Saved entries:
>>>
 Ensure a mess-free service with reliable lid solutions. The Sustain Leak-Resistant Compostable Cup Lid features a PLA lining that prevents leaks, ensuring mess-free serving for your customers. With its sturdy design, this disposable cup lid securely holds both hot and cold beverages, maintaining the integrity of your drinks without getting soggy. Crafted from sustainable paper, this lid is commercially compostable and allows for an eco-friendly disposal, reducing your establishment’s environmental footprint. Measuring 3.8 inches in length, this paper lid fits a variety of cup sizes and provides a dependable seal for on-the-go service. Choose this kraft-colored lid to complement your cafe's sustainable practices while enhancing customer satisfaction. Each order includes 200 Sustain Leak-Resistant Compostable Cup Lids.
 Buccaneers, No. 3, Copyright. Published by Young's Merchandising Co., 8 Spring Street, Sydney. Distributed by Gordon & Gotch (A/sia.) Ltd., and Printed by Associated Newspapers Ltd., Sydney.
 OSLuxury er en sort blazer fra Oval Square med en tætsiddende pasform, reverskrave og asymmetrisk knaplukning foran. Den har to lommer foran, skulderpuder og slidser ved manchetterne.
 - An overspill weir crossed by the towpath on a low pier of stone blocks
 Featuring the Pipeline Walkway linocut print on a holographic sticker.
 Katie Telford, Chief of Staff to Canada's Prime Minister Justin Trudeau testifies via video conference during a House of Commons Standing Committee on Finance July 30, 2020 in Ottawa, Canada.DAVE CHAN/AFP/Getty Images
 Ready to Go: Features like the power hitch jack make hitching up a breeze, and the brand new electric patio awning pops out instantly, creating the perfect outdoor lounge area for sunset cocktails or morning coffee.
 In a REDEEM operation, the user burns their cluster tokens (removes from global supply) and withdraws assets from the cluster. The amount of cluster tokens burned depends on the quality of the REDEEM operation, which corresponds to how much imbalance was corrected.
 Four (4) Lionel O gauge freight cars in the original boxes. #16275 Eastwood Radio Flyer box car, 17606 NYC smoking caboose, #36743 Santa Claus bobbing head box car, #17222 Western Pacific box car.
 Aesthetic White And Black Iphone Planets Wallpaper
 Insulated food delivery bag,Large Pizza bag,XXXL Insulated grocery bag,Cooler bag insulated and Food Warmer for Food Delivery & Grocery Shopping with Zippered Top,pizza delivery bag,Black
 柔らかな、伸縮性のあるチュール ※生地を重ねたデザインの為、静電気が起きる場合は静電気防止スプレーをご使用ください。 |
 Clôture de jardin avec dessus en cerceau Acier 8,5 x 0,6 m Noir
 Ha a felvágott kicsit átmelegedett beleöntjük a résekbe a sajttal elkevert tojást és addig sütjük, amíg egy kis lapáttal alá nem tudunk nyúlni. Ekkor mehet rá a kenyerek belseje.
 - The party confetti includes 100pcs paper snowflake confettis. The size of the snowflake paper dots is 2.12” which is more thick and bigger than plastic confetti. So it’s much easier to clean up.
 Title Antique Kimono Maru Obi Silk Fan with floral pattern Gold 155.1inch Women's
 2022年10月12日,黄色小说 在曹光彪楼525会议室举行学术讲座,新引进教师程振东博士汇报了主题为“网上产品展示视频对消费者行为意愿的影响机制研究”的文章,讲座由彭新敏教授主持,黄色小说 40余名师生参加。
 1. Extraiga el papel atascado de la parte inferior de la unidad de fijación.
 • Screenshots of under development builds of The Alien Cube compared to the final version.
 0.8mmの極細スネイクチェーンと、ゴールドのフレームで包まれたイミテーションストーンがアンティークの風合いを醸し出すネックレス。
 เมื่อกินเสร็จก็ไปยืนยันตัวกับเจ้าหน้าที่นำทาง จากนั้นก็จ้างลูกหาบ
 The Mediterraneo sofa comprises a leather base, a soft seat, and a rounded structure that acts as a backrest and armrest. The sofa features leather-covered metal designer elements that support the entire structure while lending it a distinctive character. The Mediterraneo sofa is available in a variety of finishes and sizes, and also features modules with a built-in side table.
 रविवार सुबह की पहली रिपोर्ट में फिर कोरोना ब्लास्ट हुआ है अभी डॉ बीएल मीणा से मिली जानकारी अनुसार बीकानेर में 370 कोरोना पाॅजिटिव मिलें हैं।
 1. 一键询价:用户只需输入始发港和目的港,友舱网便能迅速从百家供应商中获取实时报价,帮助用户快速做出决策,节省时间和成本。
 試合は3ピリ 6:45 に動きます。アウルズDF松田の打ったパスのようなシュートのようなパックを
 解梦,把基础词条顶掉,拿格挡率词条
<<<
_ASSIGNMENT_
Your response should contain each line of the entries above that holds the string "much".

_SOLUTION_
 In a REDEEM operation, the user burns their cluster tokens (removes from global supply) and withdraws assets from the cluster. The amount of cluster tokens burned depends on the quality of the REDEEM operation, which corresponds to how much imbalance was corrected.
 - The party confetti includes 100pcs paper snowflake confettis. The size of the snowflake paper dots is 2.12” which is more thick and bigger than plastic confetti. So it’s much easier to clean up.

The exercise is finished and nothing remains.